Le condizioni di salute dei grandi ghiacciai alpini italiani peggiorano. Tanto che gli studiosi sono arrivati a chiamare queste sentinelle della crisi climatica "malati terminali". Emerge così un dato allarmante: in meno di trentanni, entro il 2060, fino all'80% dei ghiacciai sulle Alpi italiane "morirà" e la conseguenza tangibile sarà un aggravento del problema ahimè già noto della siccità. 

Il ghiacciaio Forni
A lanciare il grido di aiuto sono stati Greenpeace Italia e il Comitato Glaciologico Italiano al termine della prima tappa della spedizione congiunta sui maggiori ghiacciai italiani. Il primo "paziente" diagnosticato è stato il ghiacciaio dei Forni, in Alta Valtellina, nel Parco Nazionale dello Stelvio, durante l'eccezionale ondata di calore che ha sconvolto le alte quote di tutta Italia. Le rilevazioni risalgono al periodo tra il 21 e il 24 agosto durante l'eccezionale ondata di calore che ha sconvolto la nostra penisola. "Il ghiacciaio dei Forni sta perdendo il 50% in più di spessore per fusione rispetto al 2022. Nella zona più bassa della lingua glaciale non coperta da detrito, le nostre misurazioni di questi giorni hanno segnalato la perdita di 37 centimetri di spessore di ghiaccio in appena quattro giorni, un dato decisamente superiore alla media, che di solito era di 6 centimetri al giorno", afferma Guglielmina Diolaiuti, glaciologa e professoressa di geografia all'Università degli Studi di Milano, componente del Cgi.
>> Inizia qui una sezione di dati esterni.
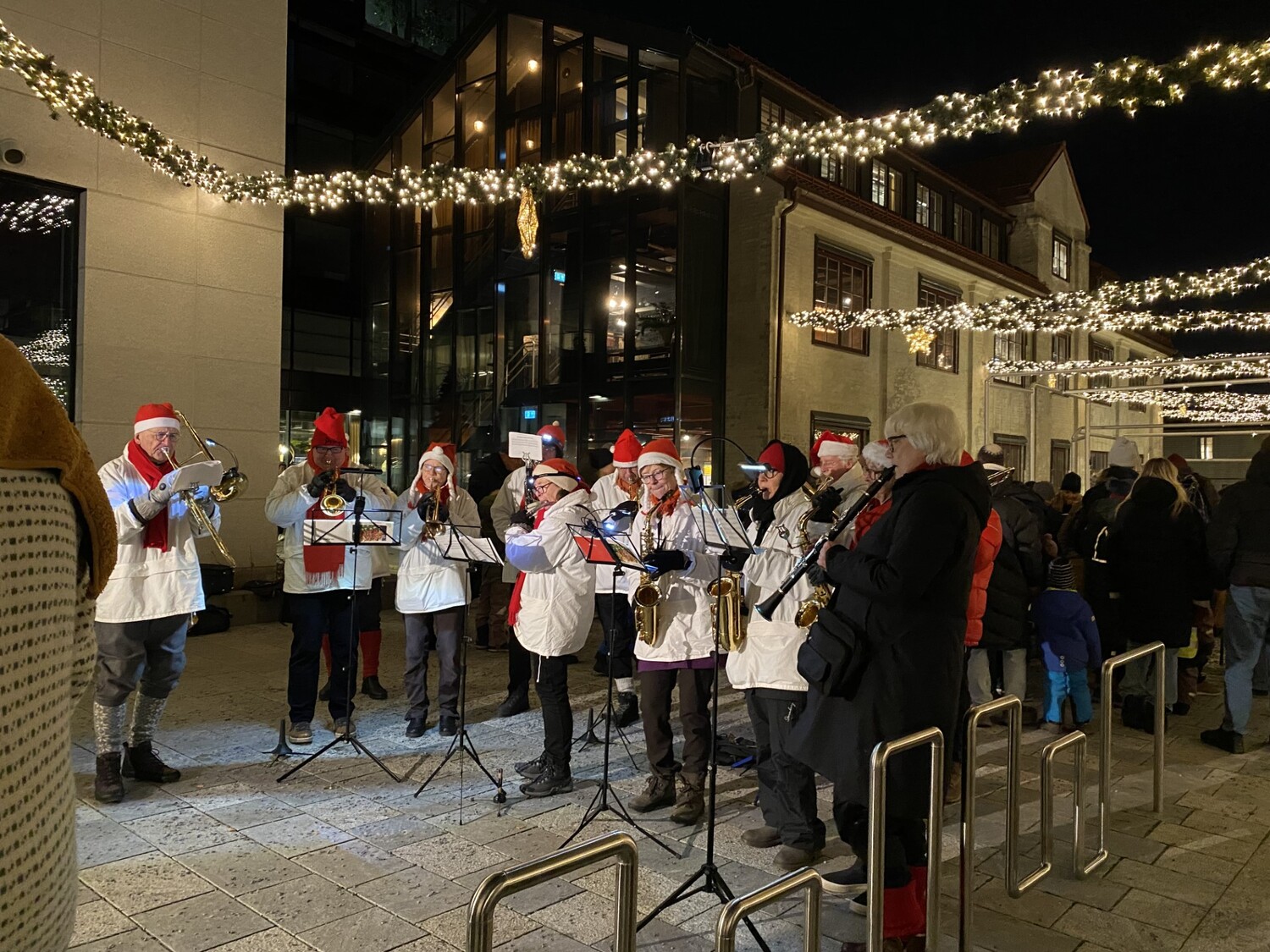 Deretter kunne julegatelysene tennes og korpset kunne fortsette å spille stemningsfull musikk mens det ble utdelt pepperkaker og gløgg. Butikker og spisesteder på Harbitz Torg kunne også i tradisjon tro love gode familietilbud til julegateåpningen.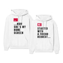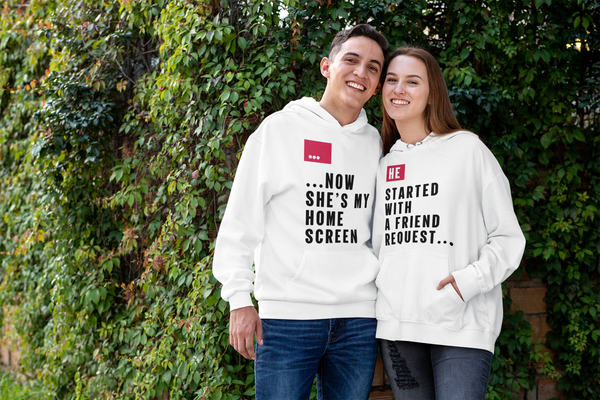 From a friend request to forever 💬❤️ — this creative matching set for couples captures the start of a modern love story. One tee says “He started with a friend request...” and the other completes it with “Now she’s my home screen.” Ideal for boyfriend & girlfriend who met online, matched on an app, or just fell in love digitally. A fun and relatable couple outfit made for love in the scroll era 📱💑.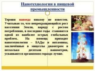 Нанотехнологии представляют собой передовую область науки, включающую создание материалов и устройств на нанометровом уровне, что значительно улучшает их физические и химические свойства. Эти технологии имеют широкий спектр применения, в том числе в медицине, где используются для разработки наномашин, нанокомпьютеров и методов лечения различных заболеваний. Кроме того, нанотехнологии находят свое применение в косметике и производстве продуктов питания, повышая их эффективность и свойства.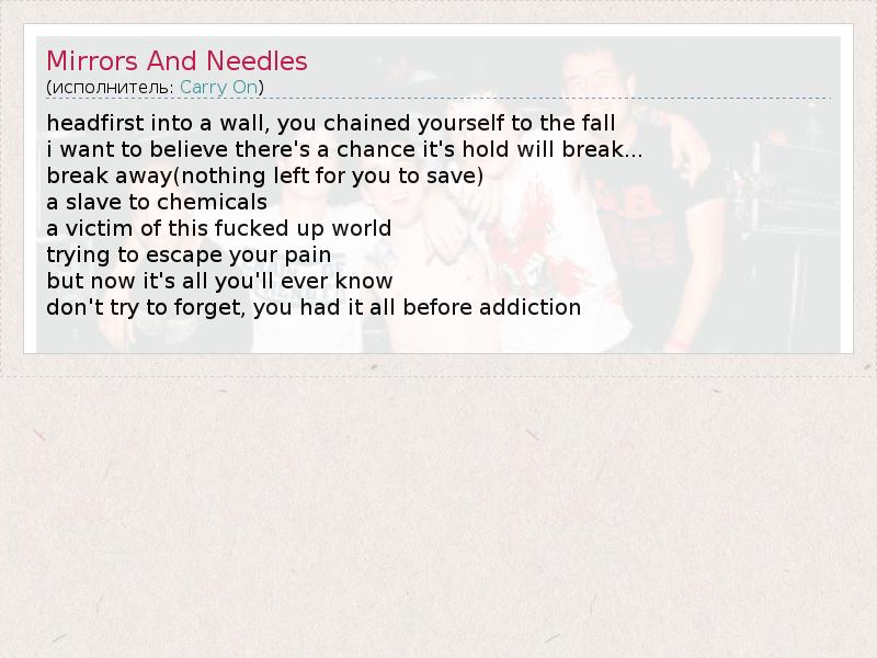 headfirst into a wall, you chained yourself to the fall i want to believe there's a chance it's hold will break... break away(nothing left for you to save) a slave to chemicals a victim of this fucked up world trying to escape your pain but now it's all you'll ever know don't try to forget, you had it all before addiction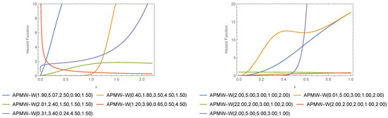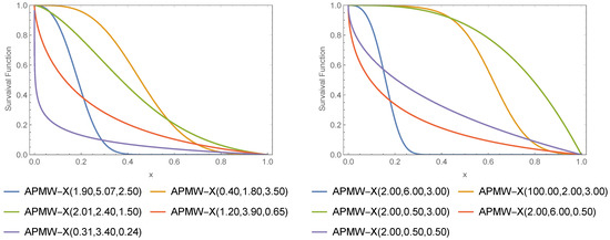 The addition of the three parameters to the family shows a significant effect on the diversity of SF as in Figure 1. The Weibull model became very flexible after the APMW-X family parameters were added. Sometimes, it resembles a bell curve with some torsion and at other times it seems to have strong swings as seen in Figure 3, which depends on the specific values of the parameters. The proposed model is a good candidate for data modeling in various financial, industrial, medical and other applications. However, it can be seen from Figure 3 that APMW-W has simple features and an elastic failure rate. The simple hazard rate and flexible features are another superiority of the proposed model along with its heavy-tail behavior.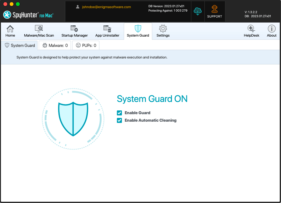 맬웨어를 차단하는 고급 가드SpyHunter의 고도로 최적화된 시스템 보호 장치는 맬웨어 및 기타 위협이 시스템에 피해를 입히고 개인 정보 및 개인 데이터를 손상시키기 전에 다운로드 및 실행을 방지하여 컴퓨터를 안전하게 보호하도록 설계되었습니다. |

Da metà Ottocento ad oggi il ghiacciaio ha perso in totale circa 10 chilometri quadrati, ovvero la metà della sua superficie e la fronte del ghiacciaio si è ritirata di 400 metri in poco meno di dieci anni. "Veniamo dall'estate terrificante del 2022 e speravamo che il 2023 avrebbe comportato una situazione diversa per i nostri ghiacciai, ma purtroppo sta peggiorando. In queste giornate lo zero termico è stato sempre oltre i 4.000 metri, a volte oltre i 5.000 metri, perciò tutto il ghiacciaio dei Forni è ai livelli di fusione. Questo libera una grande quantità di acqua che nei prossimi anni causerà una riduzione enorme dei volumi del ghiacciaio e quindi anche un minor rilascio idrico estivo con impatti non trascurabili anche in pianura. Se le temperature nei prossimi giorni continueranno a seguire questa tendenza al rialzo, il ghiacciaio subirà delle conseguenze gravissime", afferma il glaciologo Claudio Smiraglia, già presidente del Cgi e membro del network di esperti ed esperte Voci per il clima promosso da Greenpeace Italia.

Conseguenze
Le conseguenze causate dal ritiro dei ghiacciai sono evidenti, esso aggrava anche il rischio di siccità durante il periodo estivo, quando la fusione della neve e dei ghiacci accumulati durante l’inverno sopperisce alle minori piogge: senza i ghiacciai, verrebbe meno questa importante riserva d’acqua, essenziale sia per gli ecosistemi sia per le attività umane, a partire dall’agricoltura. "Le proiezioni basate sugli scenari climatici a nostra disposizione suggeriscono che entro il 2060 fino all'80% della superficie dei ghiacciai italiani alpini sarà scomparsa, con enormi impatti sui volumi di acqua di fusione rilasciata. Significa che senza questi ghiacciai tra 30-40 anni avremo delle siccità sempre più intense anche a valle", continua Diolaiuti. "Dobbiamo renderci conto che la responsabilità è in gran parte nostra: è indubbio che le attività antropiche, in primis le emissioni derivanti dalla combustione dei combustibili fossili, abbiano determinato un aumento di gas climalteranti che sono i principali responsabili del riscaldamento atmosferico attuale. La temperatura sta aumentando in maniera molto rapida, un aumento mai visto nel recente passato che va di pari passo proprio con il ritiro dei ghiacciai, migliori testimoni dei cambiamenti climatici", aggiunge. "Siamo a 3.000 metri, il ghiacciaio fonde sotto i nostri occhi e fa caldo: giornate come queste non le ho mai vissute in alta quota. Il ghiacciaio dei Forni è un malato terminale che sta scomparendo sotto i nostri occhi. Nell'arco di pochi anni la lingua dei Forni sarà senza alimentazione e diventerà ghiaccio morto, simbolo della crisi climatica che stiamo vivendo", conclude Smiraglia. La seconda tappa della spedizione di Greenpeace Italia e del Cgi è prevista per fine agosto al ghiacciaio del Miage, in Valle d'Aosta, dove sarà misurata la fusione annuale di questo importante gigante di ghiaccio appartenente al gruppo del Monte Bianco.